Analyzing Documentation Comments

Jonathan Gibbons

The JDK Java compiler, javac, supports a variety of Java SE and JDK APIs that together can be used to analyze Java programs, including API documentation comments.

The Java Compiler API, Language Model API, and Annotation Processing API, all defined in the java.compiler module.
The Compiler Tree API, defined in the jdk.compiler module.

This note uses a series of simple examples to demonstrate how these APIs go together.

See Also: Processing Code

Introduction

The examples that follow demonstrate how to use the various APIs supported by javac to analyze source code.

The examples follow a common theme of scanning documentation comments to find instances of URLs in the href attribute of HTML a elements, so that you could (for example) check the links for validity. The theme of the examples is deliberately simple and somewhat artificial, but the examples are sufficient to serve to illustrate the underlying techniques for analyzing code.

To scan documentation comments, the work can generally be split into three parts:

Configure javac, specifying the files to be read, any other options that may be required, and arrange to be notified at an appropriate point in the compilation pipeline.
Scan the declarations in the source code, looking for those that might have documentation comments of interest.
Scan the documentation comments.

The examples can all be compiled and run with JDK 17.

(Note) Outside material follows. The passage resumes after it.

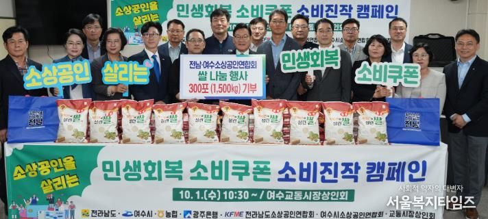 서울복지타임즈 이재연 기자 | 전라남도와 전남도 소상공인연합회는 1일 여수 교동시장에서 농협과 광주은행으로부터 기부받은 쌀(5kg) 300포를 활용해 지역민과 함께 나누는 ‘민생회복 소비쿠폰 소비 진작 캠페인’을 개최했다고 밝혔다.

Example 1: Analyzing Syntax Trees

The first example shows how you can perform some simple analysis by just examining the basic syntax trees created by javac. To do this, you only need to pass the source files to javac, typically without needing any additional options that you might otherwise need to compile those files. The limitation is that you cannot perform any analysis that involves knowing what any of the names in the source code actually refer to.

Configuring `javac`

This example uses an instance of javax.tools.JavaCompiler obtained by calling ToolProvider.getSystemJavaCompiler.

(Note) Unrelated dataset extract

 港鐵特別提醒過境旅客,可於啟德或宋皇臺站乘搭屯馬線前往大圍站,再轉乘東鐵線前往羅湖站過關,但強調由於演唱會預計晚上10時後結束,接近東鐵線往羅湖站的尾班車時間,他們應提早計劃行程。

The primary arguments for the compiler are any options that may be required and the files to be read. In this example, no options are required, and an empty list is passed for the appropriate argument. To set up the files to be read, the example uses the command-line arguments for the example itself, converts them to Path objects, and uses Files.walkFileTree to find the source files in any directories that may be given. Finally, it converts the resulting series of Path objects into the file objects required by the compiler.

The result of calling JavaCompiler.getTask is a CompilationTask which can be used perform a complete compilation, but in this example, the result is cast down to the JDK-specific class, JavacTask, to access some JDK-specific additional functionality. First, the code registers a TaskListener to be invoked at various points in the compilation lifecycle. In this example, the task listener will call the locally defined processFile method when the compiler has finished parsing each source file. Then, after obtaining some utility objects from the JavacTask object, the compiler is instructed to parse the source files. Subsequent activity happens within the callbacks to the task listener, until all the files have been parsed and the parse method returns.

Analyzing Declarations

As a result of the task listener registered with the compiler, and the subsequent call to parse the source files provided on the command line, the processFile method will be called for each file that has been parsed by the compiler. This method uses a custom TreeScanner, called DeclScanner, to scan the declarations in the source file that was just read, passing in a subsidiary scanner that can be used to scan any documentation comments that may be found in the file. When the scanners have completed their work, processFile prints out the URLs that were found in the documentation comments for the declarations in the source file.

DeclScanner overrides the visit... methods for declarations, to call one of the forms of the processCurrentPath method, depending on whether the declaration may contain modifiers. In this example, if the declaration may have modifiers, the code checks to see if either a public or protected keyword is present, and ignores the declaration if neither of those keywords are found. For field declarations (visitVariable) and method and constructor declarations (visitExecutable) the code suppresses the normal action to scan the initializer or method body by not calling the appropriate super method. This is because it is uncommon to use documentation comments inside field initializers and method bodies, and even if they were present, they would not be included in any API documentation generated by the javadoc tool.

In processCurrentPath(), the code uses the instance of the DocTrees utility class obtained from the original JavacTask object, to see if the declaration has a corresponding documentation comment. If it does, it is scanned with the LinkScanner object created for this file.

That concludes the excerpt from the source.